# [Provided data]
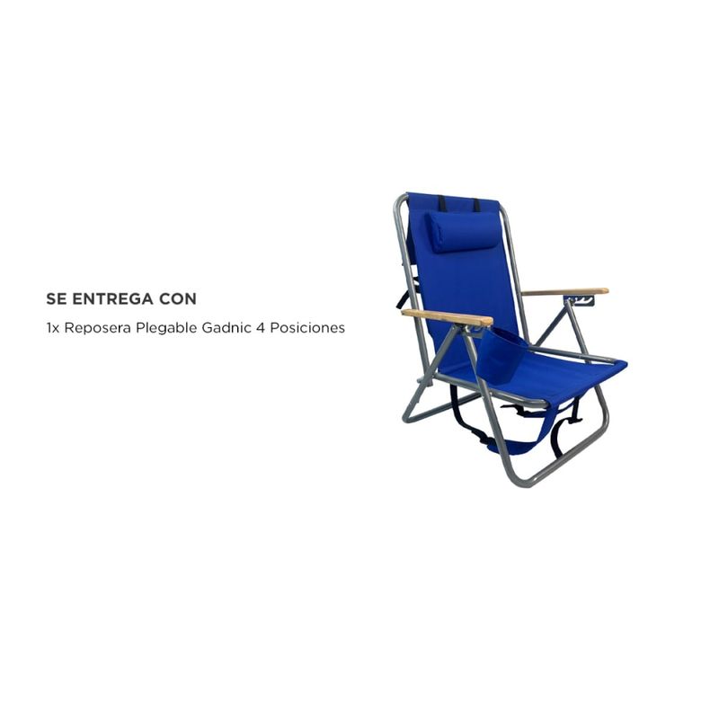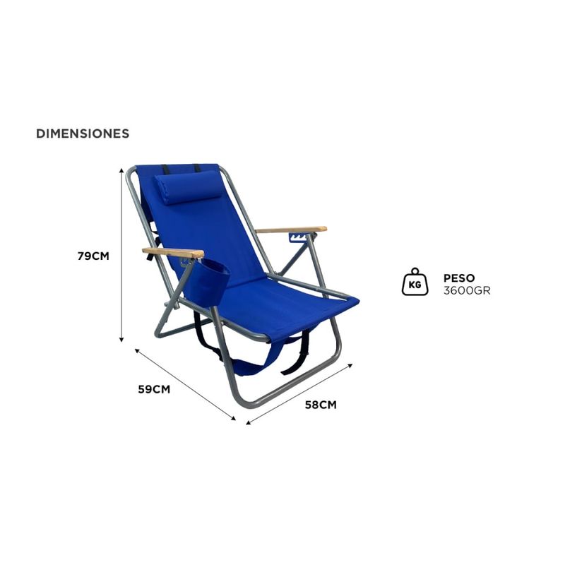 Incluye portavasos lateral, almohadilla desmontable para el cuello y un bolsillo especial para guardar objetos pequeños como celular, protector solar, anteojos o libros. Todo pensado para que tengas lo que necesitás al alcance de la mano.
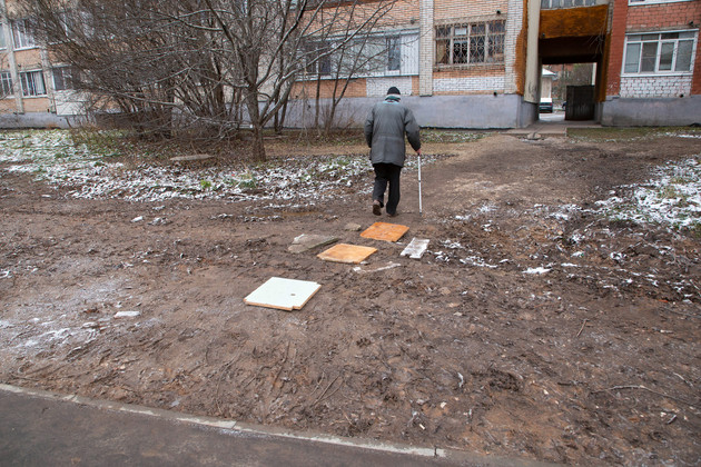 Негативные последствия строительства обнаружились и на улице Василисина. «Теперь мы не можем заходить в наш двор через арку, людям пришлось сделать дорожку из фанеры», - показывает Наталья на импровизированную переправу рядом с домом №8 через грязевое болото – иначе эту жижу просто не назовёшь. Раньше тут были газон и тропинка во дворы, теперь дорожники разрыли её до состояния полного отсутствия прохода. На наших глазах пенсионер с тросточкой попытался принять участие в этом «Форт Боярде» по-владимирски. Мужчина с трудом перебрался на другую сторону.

...

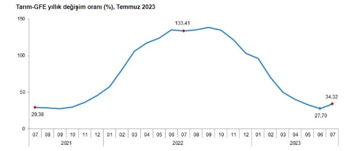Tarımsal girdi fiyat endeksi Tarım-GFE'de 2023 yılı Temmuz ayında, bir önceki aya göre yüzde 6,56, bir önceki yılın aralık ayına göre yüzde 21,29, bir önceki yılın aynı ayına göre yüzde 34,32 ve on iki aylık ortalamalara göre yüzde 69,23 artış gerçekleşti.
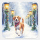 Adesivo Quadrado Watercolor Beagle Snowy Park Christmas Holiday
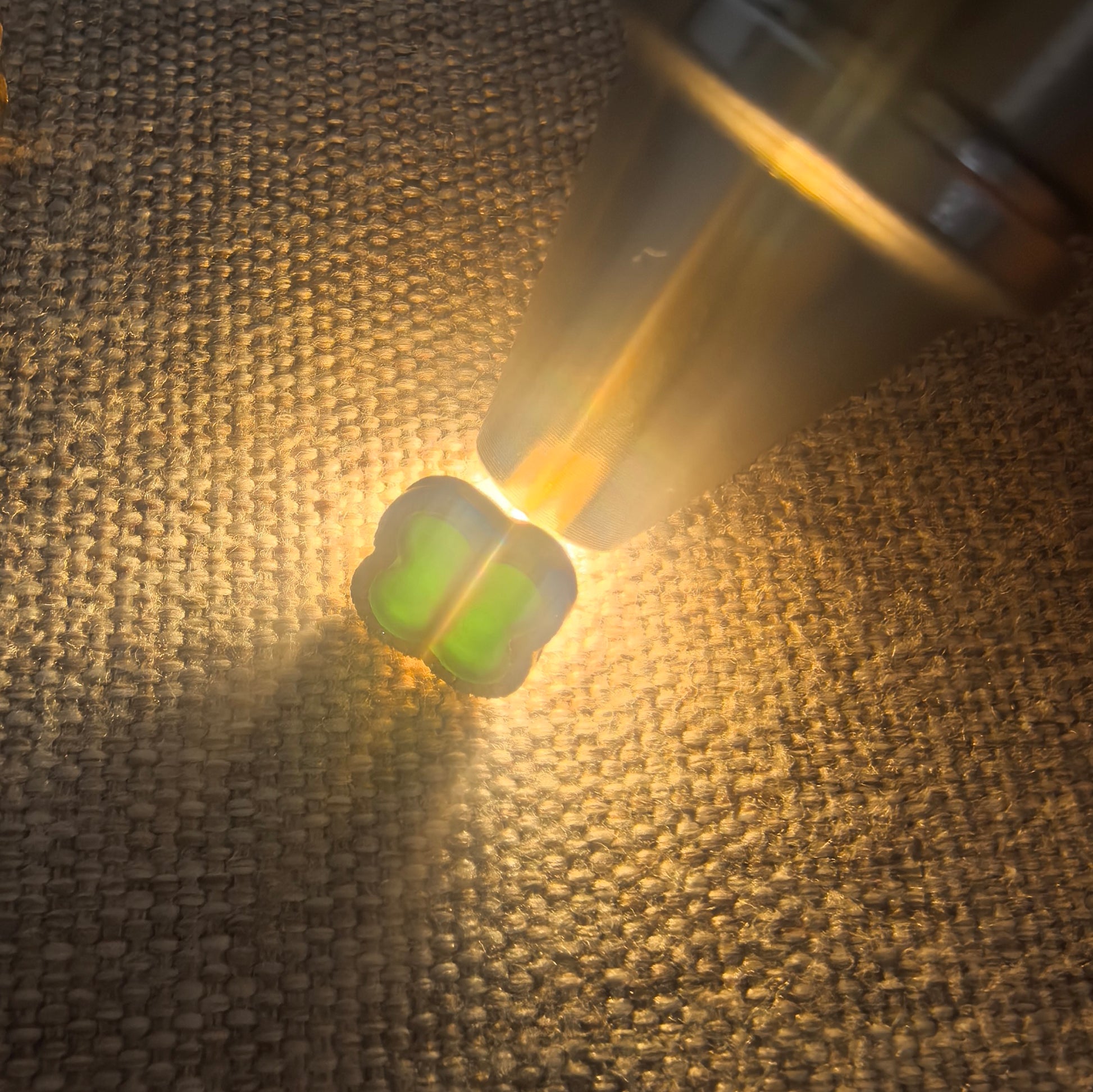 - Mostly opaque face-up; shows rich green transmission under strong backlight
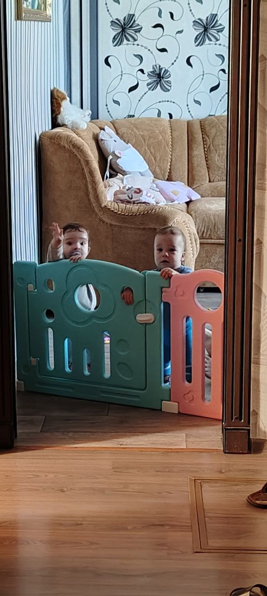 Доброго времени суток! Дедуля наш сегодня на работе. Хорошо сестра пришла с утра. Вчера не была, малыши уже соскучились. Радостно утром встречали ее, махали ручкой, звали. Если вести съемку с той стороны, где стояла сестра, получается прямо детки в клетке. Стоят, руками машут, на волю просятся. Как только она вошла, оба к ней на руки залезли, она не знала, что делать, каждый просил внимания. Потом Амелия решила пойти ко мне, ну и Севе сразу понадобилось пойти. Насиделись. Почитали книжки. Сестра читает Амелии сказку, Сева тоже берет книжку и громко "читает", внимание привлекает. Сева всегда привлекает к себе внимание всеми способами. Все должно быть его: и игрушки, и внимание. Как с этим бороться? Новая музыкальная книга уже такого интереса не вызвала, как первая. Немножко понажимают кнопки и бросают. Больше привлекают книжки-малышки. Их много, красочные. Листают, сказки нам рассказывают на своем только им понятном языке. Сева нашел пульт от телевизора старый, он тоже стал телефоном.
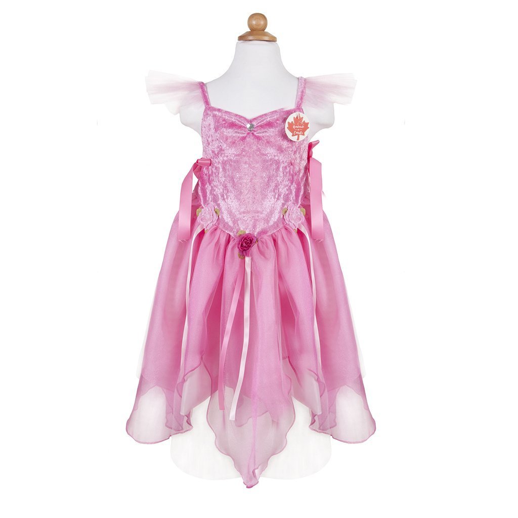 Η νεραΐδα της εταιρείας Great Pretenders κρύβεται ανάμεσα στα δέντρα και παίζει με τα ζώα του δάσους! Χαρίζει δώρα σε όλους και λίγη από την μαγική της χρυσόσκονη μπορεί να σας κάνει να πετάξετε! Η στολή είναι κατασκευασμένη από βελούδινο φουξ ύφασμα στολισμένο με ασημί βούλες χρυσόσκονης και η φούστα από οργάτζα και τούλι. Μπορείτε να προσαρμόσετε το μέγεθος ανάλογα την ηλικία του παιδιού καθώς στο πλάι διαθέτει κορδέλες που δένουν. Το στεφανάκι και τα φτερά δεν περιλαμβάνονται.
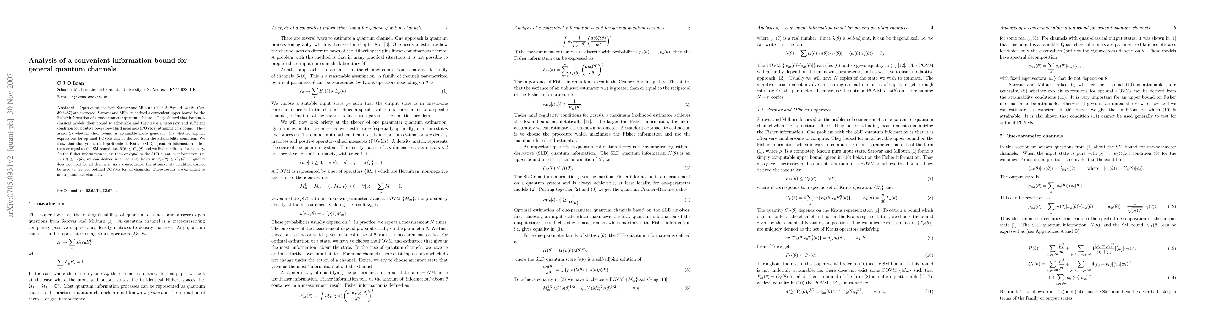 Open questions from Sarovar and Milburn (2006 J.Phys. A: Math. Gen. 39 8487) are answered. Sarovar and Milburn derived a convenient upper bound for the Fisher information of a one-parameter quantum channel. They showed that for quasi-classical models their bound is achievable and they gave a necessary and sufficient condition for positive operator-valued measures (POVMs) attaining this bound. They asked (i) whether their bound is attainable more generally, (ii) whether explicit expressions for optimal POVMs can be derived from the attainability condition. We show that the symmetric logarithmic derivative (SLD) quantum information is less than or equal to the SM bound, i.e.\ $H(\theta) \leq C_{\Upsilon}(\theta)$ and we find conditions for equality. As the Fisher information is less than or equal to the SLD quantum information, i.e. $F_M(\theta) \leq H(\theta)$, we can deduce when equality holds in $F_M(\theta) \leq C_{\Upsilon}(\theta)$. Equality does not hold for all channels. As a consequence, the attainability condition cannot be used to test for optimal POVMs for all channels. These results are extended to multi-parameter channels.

# [Prompt]
Using the entries above, extract exactly the lines from the one that contains "Adesivo Quadrado Watercolor" through the one that contains "- Mostly opaque". Do not carry over any pictures.

# [Answer section]
 Adesivo Quadrado Watercolor Beagle Snowy Park Christmas Holiday
 - Mostly opaque face-up; shows rich green transmission under strong backlight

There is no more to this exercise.